De pensioenleeftijd voor werknemers onder normale arbeidsomstandigheden zal worden aangepast volgens het stappenplan dat is vastgelegd in artikel 169 van het Arbeidswetboek van 2019, en zal 62 jaar bedragen voor mannelijke werknemers in 2028 en 60 jaar voor vrouwelijke werknemers in 2035.
De pensioenleeftijd in 2023 is derhalve 60 jaar en 9 maanden voor mannelijke docenten en 56 jaar voor vrouwelijke docenten. Vanaf 2024 zal de pensioenleeftijd jaarlijks met 3 maanden stijgen voor mannelijke docenten en met 4 maanden voor vrouwelijke docenten. De pensioenleeftijd voor het onderwijzend personeel zal dan 61 jaar zijn voor mannelijke docenten en 56 jaar en 4 maanden voor vrouwelijke docenten.
Illustratieve afbeelding.
Leraren kunnen met name met pensioen gaan op een lagere leeftijd dan de bovengenoemde leeftijd, maar niet meer dan 5 jaar eerder, indien zij zich in een situatie van verminderde arbeidsgeschiktheid bevinden; of werkzaam zijn in gebieden met bijzonder moeilijke sociaaleconomische omstandigheden zoals bepaald in artikel 169, lid 3, van het Arbeidswetboek.

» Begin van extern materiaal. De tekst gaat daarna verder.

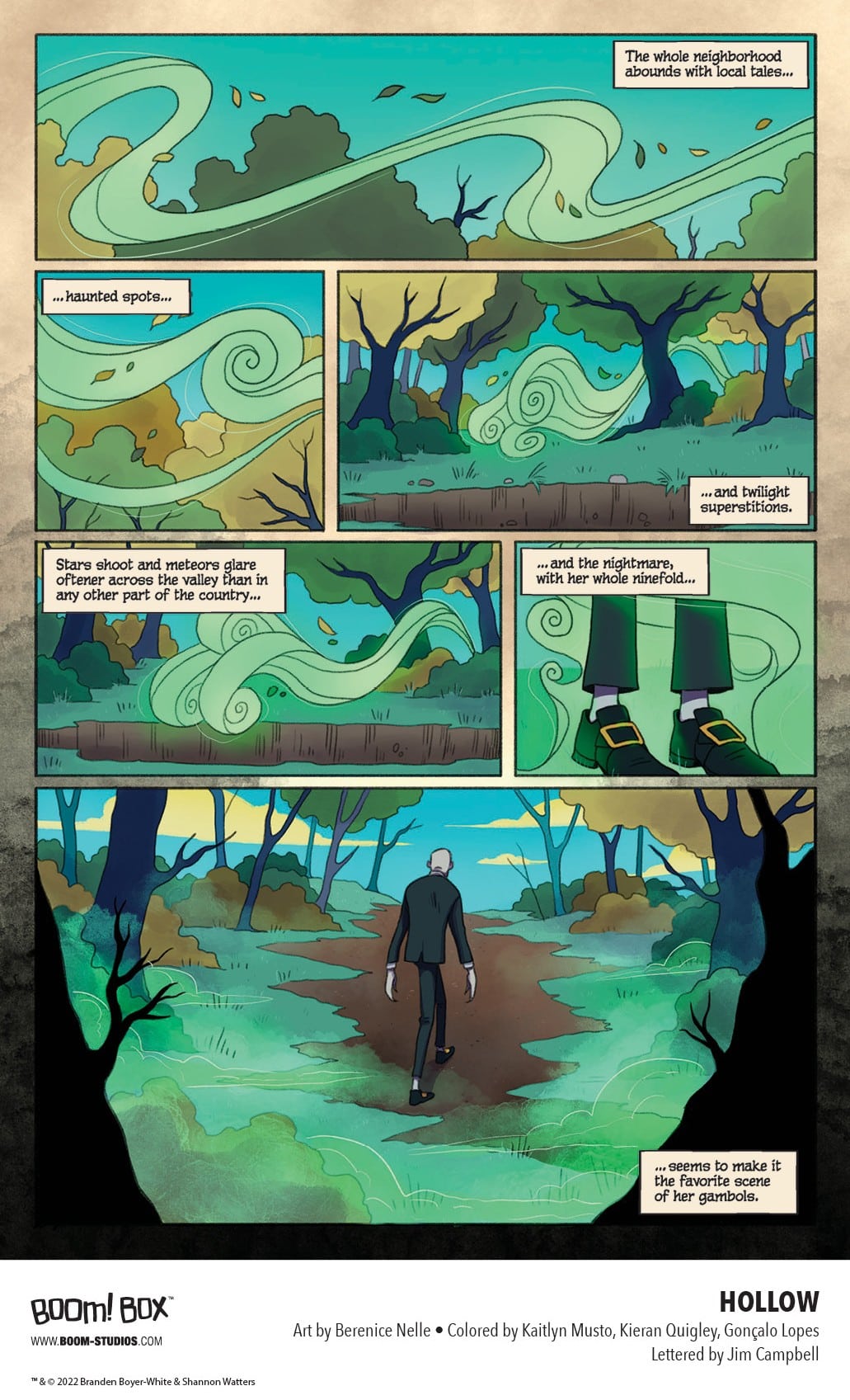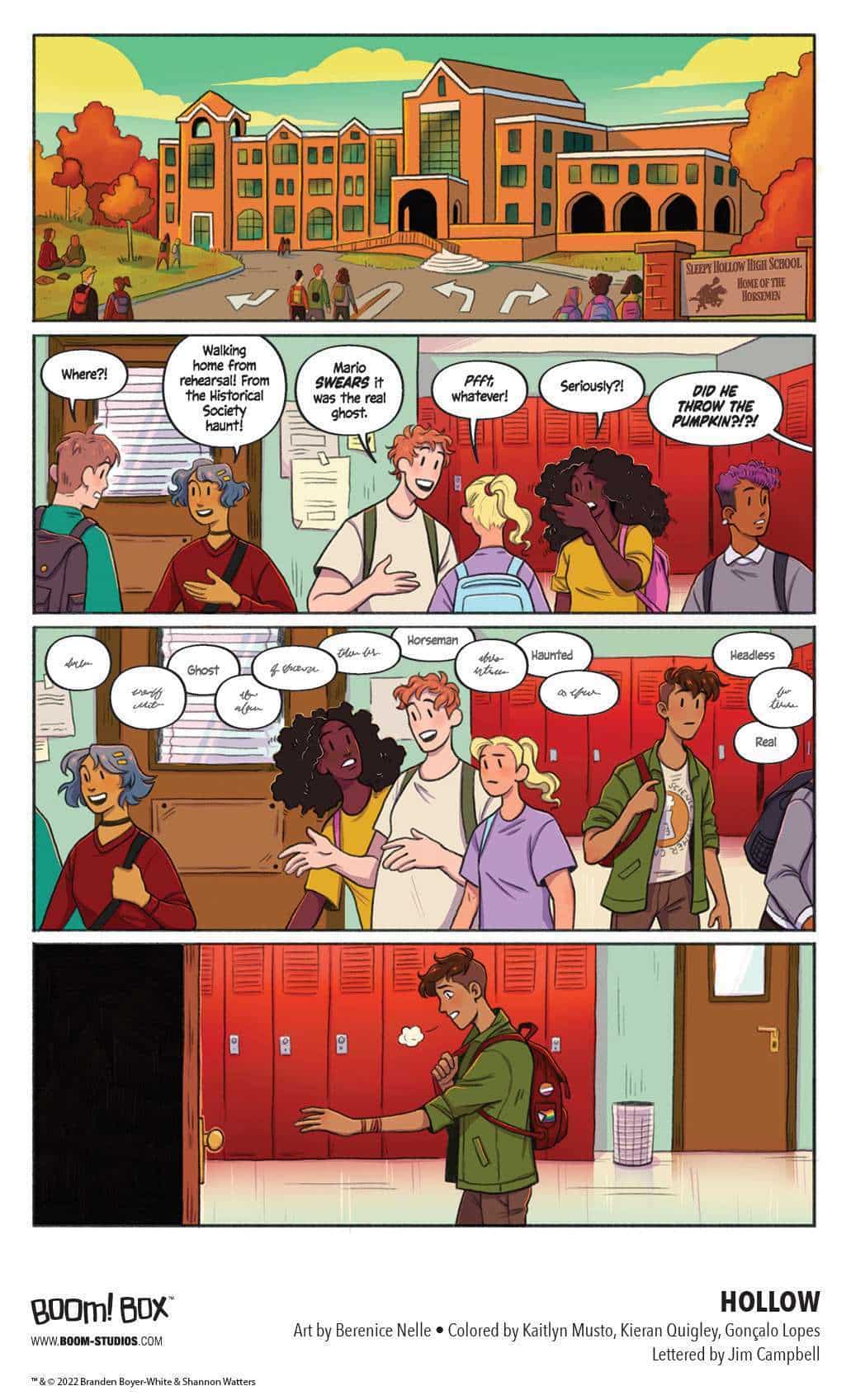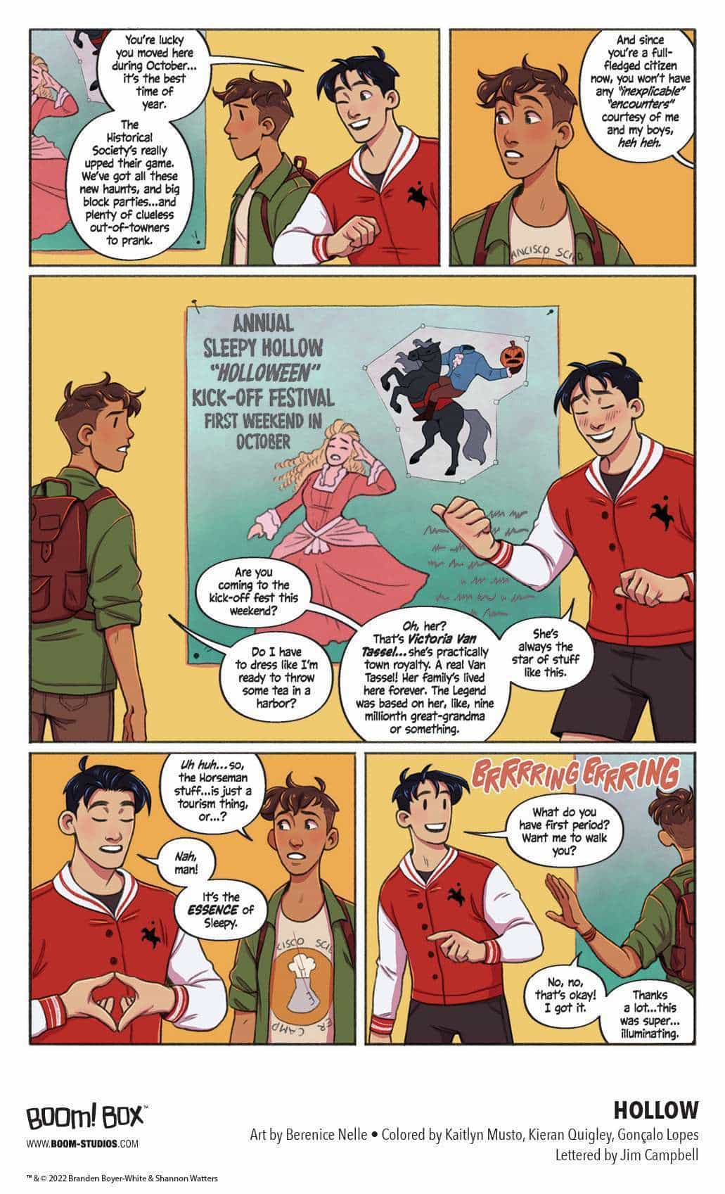 BOOM! Studios has revealed a first look at the brand new original graphic novel, Hollow. From Shannon Watters, the co-creator of the bestselling worldwide phenomenon Lumberjanes, and co-writer debut author Branden Boyer-White, rising star artist Berenice Nelle, and colorists Kaitlyn Musto, Kieran Quigley, and Gonçalo Lopes, comes a supernatural queer romance and adventure set in the infamous town of Sleepy Hollow, available on September 28, 2022.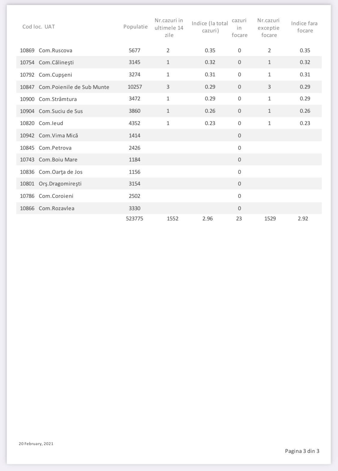 Numărul cazurilor de COVID-19 în Maramureș a înregistrat o mică scădere față de raportarea de ieri. Iată cifrele aferente zilei de 20 februarie, cele mai recente publicate de DSP Maramureș! În total, în ultimele două săptămâni, s-au înregistrat 1.552 cazuri de COVID-19 în județ, din care 23 în focare, în Baia Mare și Vișeu de Sus și 1.529 în afara focarelor. Asta înseamnă o incidență de 2,92 fără focare și 2,96 cu focare, însă cea fără focare este cea luată momentan în considerare. Astăzi, 20 februarie, avem mai multe localități în carantină zonală, respectiv comunele Poienile Izei și Gârdani, orașul Seini, comunele Recea și Remetea Chioarului și Groși.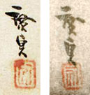 Note: Seals reading Han Sada (板貞) and Kinsekidô (金石堂) have been cited in the literature, but are not yet identified here.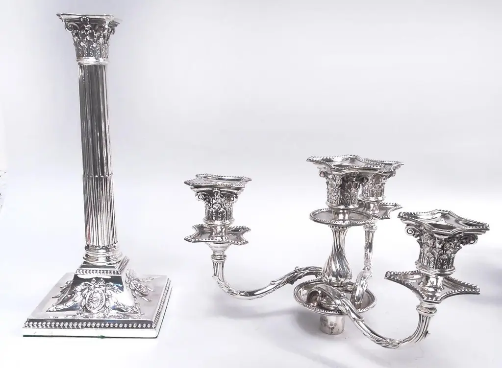 Pair of English Victorian Neoclassical sterling silver 4-light candelabra. Made by Hawksworth, Eyre & Co Ltd in Sheffield in 1882. Each: Central Corinthian capital socket mounted to round wax pan in turn mounted to baluster with twisted fluting; disc support also mounted with 3 leaf-capped fluted arms, each terminating in same socket with chamfered and concave wax pan. Columnar shaft with same capital and stop fluting; raised square base with applied ribboned garlands and pendant flowers and paterae. Beading. Fully marked. Weighted.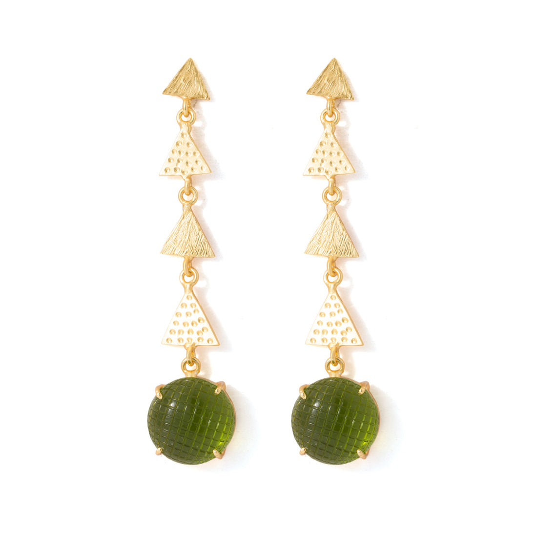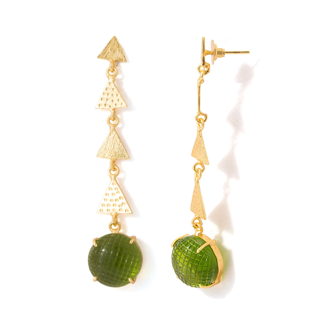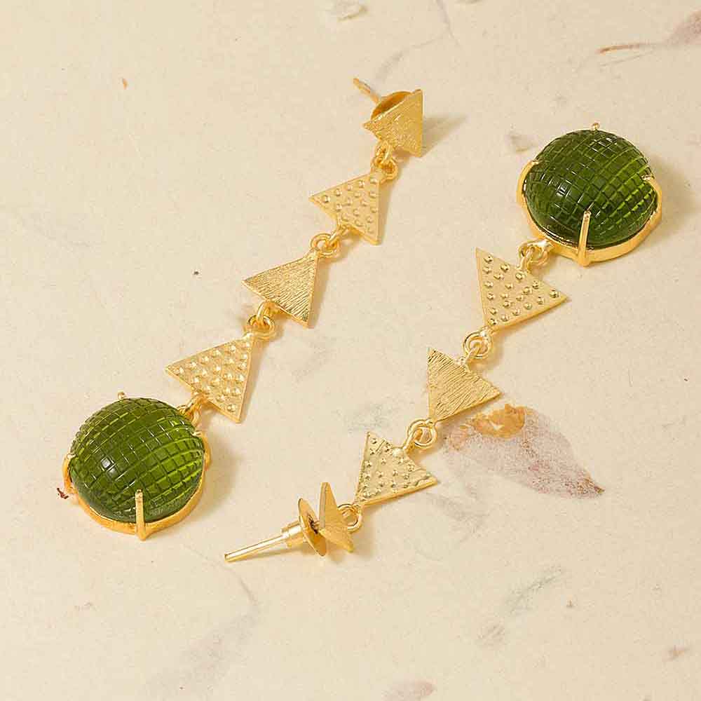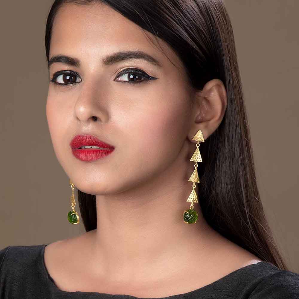 On- trend and chic, with these golden dangler earrings you are set to make a statement. This pair of earrings studded with green stone will add a lot appeal to your femininity. These earrings are skin-friendly too.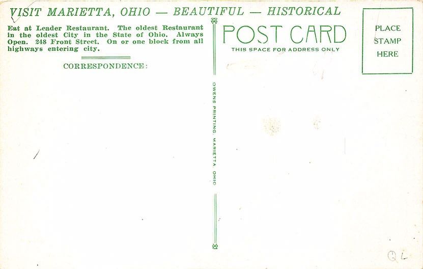 Marietta OH Leader Art Deco Restaurant Two Clocks Postcard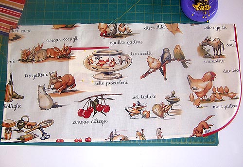 • ¾ yard of 44-45″ wide print fabric: we used Alphabeto Italiano Collezione by Michael Miller Fabrics in Cream Parole Italiano

Op basis van artikel 56 van de Sociale Verzekeringswet van 2014 worden de pensioenen van leraren berekend met behulp van de volgende formule:
Maandelijks pensioen = Uitkeringspercentage x Gemiddeld maandelijks salaris dat wordt gebruikt voor sociale verzekeringspremies.
Mannelijke werknemers die 20 jaar lang premie hebben betaald voor de sociale verzekering, hebben recht op 45% van hun salaris. Daarna komt daar voor elk extra jaar 2% bij. De maximale uitkering bedraagt 75%.
Vrouwelijke werknemers die 15 jaar lang premie hebben betaald voor de sociale verzekering, hebben recht op 45% van hun salaris. Daarna komt daar voor elk extra jaar 2% bij. De maximale uitkering bedraagt 75%.
In geval van vervroegde pensionering als gevolg van verminderde arbeidsgeschiktheid, wordt de uitkering verlaagd met 2% per jaar vervroegde pensionering.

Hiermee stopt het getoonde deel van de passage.